Os pesquisadores recrutaram 39 jovens, com idades entre 18 e 35 anos, e os dividiram em dois grupos, de acordo com a sua alimentação habitual, vegana ou onívora. Foi exigido que todos seguissem seu padrão alimentar atual por, pelo menos, 1 ano anteriormente ao estudo (a fim de prevenir qualquer influência do consumo recente de proteínas de origem animal sobre os resultados do estudo).

 

Parâmetros avaliados

A composição corporal dos participantes foi avaliada através de um exame de diagnóstico por imagem (DXA) e as mudanças musculares foram avaliadas no nível macroscópico através da área de secção muscular e no nível microscópico através de uma biópsia muscular. A força foi medida através do teste de 1 repetição máxima no equipamentoleg press

 

Dieta e suplementação

Através de recordatórios preenchidos quatro semanas antes do início do experimento foi verificada a ingestão habitual de proteínas dos participantes para que a dose de proteína suplementar pudesse ser determinada. Cada participante recebeu a quantidade de suplemento proteico em pó (proteína isolada de soja ou whey) necessária para atingir a quantidade de 1,6g de proteínas por kg de peso corporal (considerada suficiente para a construção de massa muscular).

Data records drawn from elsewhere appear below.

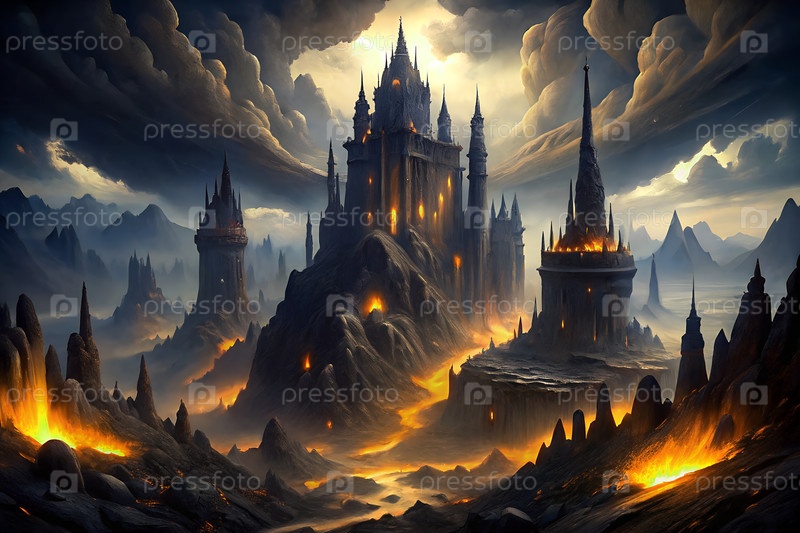 Фантастический замок на темном холме с извилистой дорогой, горами и светящимся огнем, драматической пейзажной сценой
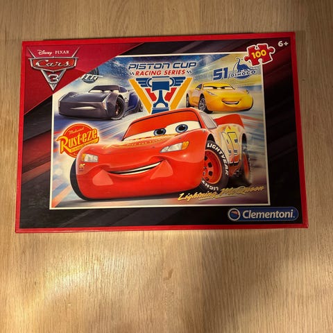 Disney Pixar Cars Lotto brettspill med tema fra filmen Cars. Inneholder spillkort og spillebrett med bilder av karakterer fra filmen. Egnet for barn og familiebruk.
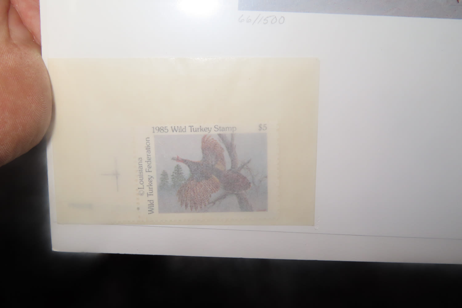 NATIONAL WILD TURKEY FEDERATION PRINT WITH STAMP 1985 PRINT 66 OF 1500
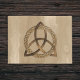 A door mat featuring a simple colored Celtic triquetra interlaced with a circle forming a trinitarian symbol against a wood background, representing spiritual unity with the divine.
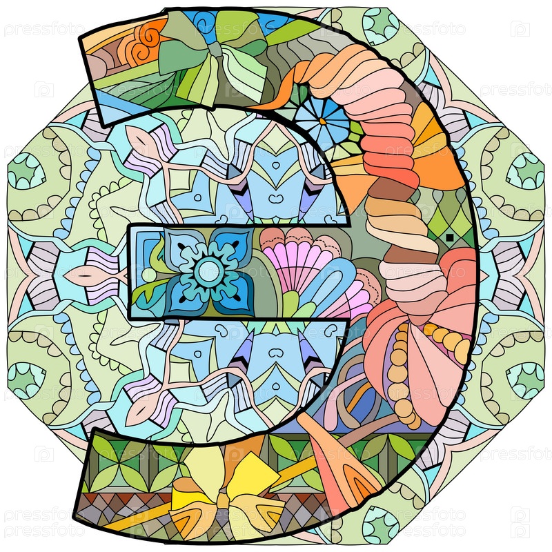 Русский алфавит кириллическая заглавная буква Эй на мандале. Векторная иллюстрация
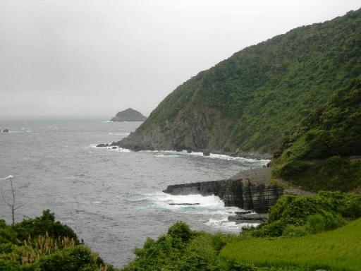 さて、おいらのムーヴは、国道191号線を下り萩方面に向かう。途中、国道315号線に進路を変え、萩市片俣にある道の駅を目指す・・・はずだったが、315号線に入ってすぐ、ある標識を見つける。「ホルンフェルス大断層 ←4km」なにやら断崖絶壁の絵が描いてあるのだが、しばらく行くと須佐湾に辿り着く。先ほどの断崖絶壁の絵とは裏腹に、穏やかな入り江が広がる。ただし、このあたりの道路は海抜50cmもないようだ。しばらく走ると、急に上り坂になり、また走ると、今度は下り坂・・・。そして辿り着くと、お馴染みの荒くたい日本海の光景が広がる。 須佐ホルンフェルス大断層ところでホルンフェルスとは何やねん・・・???実はおいらも知らなかった・・。そもそもの語源はドイツ語で「角石」(Hornhels)岩石を割ったら、角ばって割れるのでこの名がついたそうだ。なにやら断層面が白と黒のきれいな縞模様になっているが、この縞模様は日本海の荒波が造り上げた、自然の彫刻とはまた違う。この須佐のホルンフェルスは「変成岩」による大断層なのだ。一般的に岩石は堆積岩、火成岩、そしてこれらの岩石が何らかの強力な力で、元の岩石と性質や成分が異なった「変成岩」に分類される。この須佐のホルンフェルスは、約2000万年前の砂岩や頁岩といった堆積岩層だったのが、1400万年前の火山活動で、火成岩層が侵食してきた。(この近くの高山はこの地殻変動で誕生したという)このときの強力な熱と力で変成岩層が誕生、これがホルンフェルスとなったという。そして仕上げは日本海、この自然の彫刻で、断崖にこんなきれいな断層を造り上げたというわけだ。ん!?こんな話を聞いたら眠たくなった???じゃ、おやすみなさい。起きている人は、ついでに写真を見て帰ってください。 昼までは夏の晴天だったのが一転、道の駅「ゆとりパークたまがわ」を過ぎたあたりから雨が落ち始める。さすがにこれでは下まで降りることはできなかった。 続く・・。(おいらもくたびれたのだ)
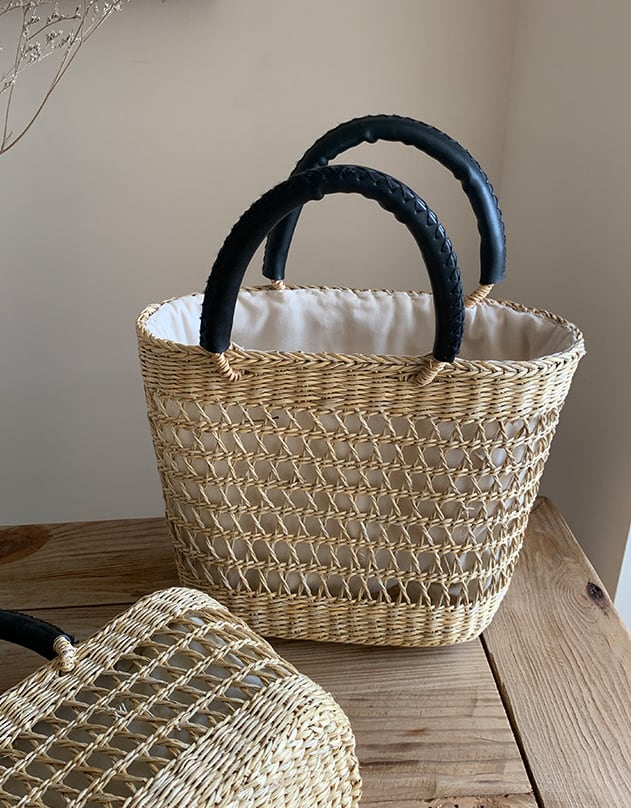 透かし編みの繊細な表情が魅力の、Cotiらしい黄草バッグ。

As doses de proteína foram ingeridas em dois momentos do dia, mesmo nos dias sem treino, junto das refeições mais baixas em proteínas (café da manhã e lanche da tarde) durante as 12 semanas do experimento.

 

Treinamento

Os participantes foram submetidos ao treinamento de musculação 2 vezes por semana, com duração de 30-45 minutos, durante 12 semanas. O treinamento enfatizou os membros inferiores, pois estes músculos permitem uma melhor avaliação dos parâmetros estudados (através da DXA e das biópsias musculares), e as cargas utilizadas foram aumentadas toda vez que os participantes executavam 2 repetições além do previsto. O descanso foi controlado para 2 minutos entre as séries. Todos as sessões de treinamento foram orientadas, monitoradas e registradas por um membro treinado da equipe de pesquisadores.

 

Resultados

Ambos os grupos obtiveram resultados positivos significativos de ganho de massa muscular e força, mas não houve diferença entre os grupos. Os autores concluem que os seus achados “(...) sugerem que a fonte proteica dietética não afeta as adaptações induzidas pelo treinamento em jovens destreinados, contanto que uma quantidade satisfatória de proteínas seja ingerida”.  

 

Comentários

Os resultados deste estudo, muito bem conduzido, dão suporte para àquilo que cada vez mais pessoas comprovam-na prática: que uma dieta à base de plantas é capaz de fornecer nutrientes suficientes para uma ótima performance e, inclusive, para o ganho de massa muscular. Cabe mencionar que os participantes do grupo vegano utilizaram uma quantidade maior de proteína em pó a fim de obter a quantidade de proteínas necessárias, pois sua dieta habitual não foi alterada. Um nutricionista competente, entretanto, pode auxiliar na elaboração de um plano alimentar com uma menor contribuição da suplementação, se desejado.

Um forte abraço e bons treinos. Comam seus vegetais!

 

Referência

HEVIA-LARRAÍN, Victoria; GUALANO, Bruno; LONGOBARDI, Igor; GIL, Saulo; FERNANDES, Alan L.; COSTA, Luiz A. R.; PEREIRA, Rosa M. R.; ARTIOLI, Guilherme G.; PHILLIPS, Stuart M.; ROSCHEL, Hamilton. High-Protein Plant-Based Diet Versus a Protein-Matched Omnivorous Diet to Support Resistance Training Adaptations: a comparison between habitual vegans and omnivores. Sports Medicine, [S.L.], p. 1-14, 18 fev. 2021. Springer Science and Business Media LLC.